The migration of MTs is easily visualized using fluorescence microscopy because of their brightness and the low background fluorescence. The method is generally applicable to biomolecule patterning, as it only requires that the biomolecules be induced to carry a net charge by suitable adjustment of the buffer pH. Electroosmosis is avoided in this setup because there are no charged surfaces such as the silica walls used in capillary electrophoresis.

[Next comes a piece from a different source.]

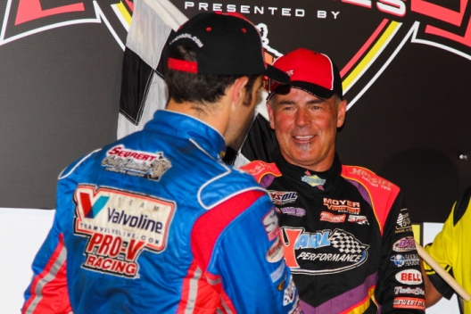 “It’s hard for me to see anybody here, any kind of signal, so I slowed down there a little bit and it seemed like it was pretty good,” said Moyer, who was victorious in what might be his last weekend of racing at Knoxville because he plans to retire from regular competition at the end of the season. “Sometimes you slow down and get a little bit better. A few laps, it seemed like that was the better way to go and then it’d kind of go away. This track has always been hard to drive. Lap-to-lap, it just seems like things change all the time.

Several modifications of this method are possible. Sealing the ends of the flow chamber is critical to observe reversibility because evaporation from the open ends causes bulk fluid flow and undesirable MT migration. Oxidation of the silicon wafer prior to lithographic patterning will prevent conduction through the substrate, allowing for multiple electrodes with independent potentials to be used simultaneously.

Materials

Name	Company	Catalog Number	Comments
2-[methoxypoly-(ethyleneoxy)propyl]-trimethoxysilane (PEG-silane)	Gelest Inc.	SIM6492.7	6-9 PEG units;molecular weight 450-600 g mol-1
2-mercapt–thanol	Sigma-Aldrich	M7522
Acetone	EMD Millipore	AX0120-8	ACS grade
Catalase	Calbiochem	219001-5MU
Chlorobenzene	EMD Millipore	MK441908	ACS grade
Ethylene glycol-bis(2-amin–thylether)-N,N,N’,N’-tetraacetic acid (EGTA)	Calbiochem	324626
Glucose	EMD Millipore	DX0145-1
Glucose oxidase	MP Biomedicals	100330
Guanosine-5’-[(α,Β)-methyleno]triphosphate, Sodium salt (GMPCPP)	Jena Biosciences, GmbH	NU-405s
Guanosine-5’-triphosphate	Sigma-Aldrich	G8752
Isopropanol	EMD Millipore	PX1835-5	ACS grade
Methyl isobutyl ketone (MIBK)	Fisher Scientific	AC12739-0010
Paclitaxel (taxol)	Calbiochem	580555
Piperazine-N,N’’-bis(2-ethanesulfonic acid) (PIPES)	Sigma-Aldrich	P1851
Polymethylmethacrylate (PMMA)	Brewer Science, Inc.	950K	molecular weight 950K
Rhodamine tubulin	Cytoskeleton, Inc.	T331M	from bovine brain 99% pure, lyophilized
Toluene	EMD Millipore	TX0735-5	ACS grade
Tubulin	Cytoskeleton, Inc.	T238	from bovine brain 99% pure, lyophilized
No. 1 borosilicate glass coverslips (22 X 50 mm) were purchased from VWR. Polished electronic grade p-type <111> silicon wafers were purchased from Addison Engineering, Inc. High-purity silver paint was obtained from Structure Probe, Inc. (Catalog # 5001 AB). Insulated fine gauge copper magnet wire (~ 0.08 mm (0.003”) diameter) can be obtained from electronic supply companies.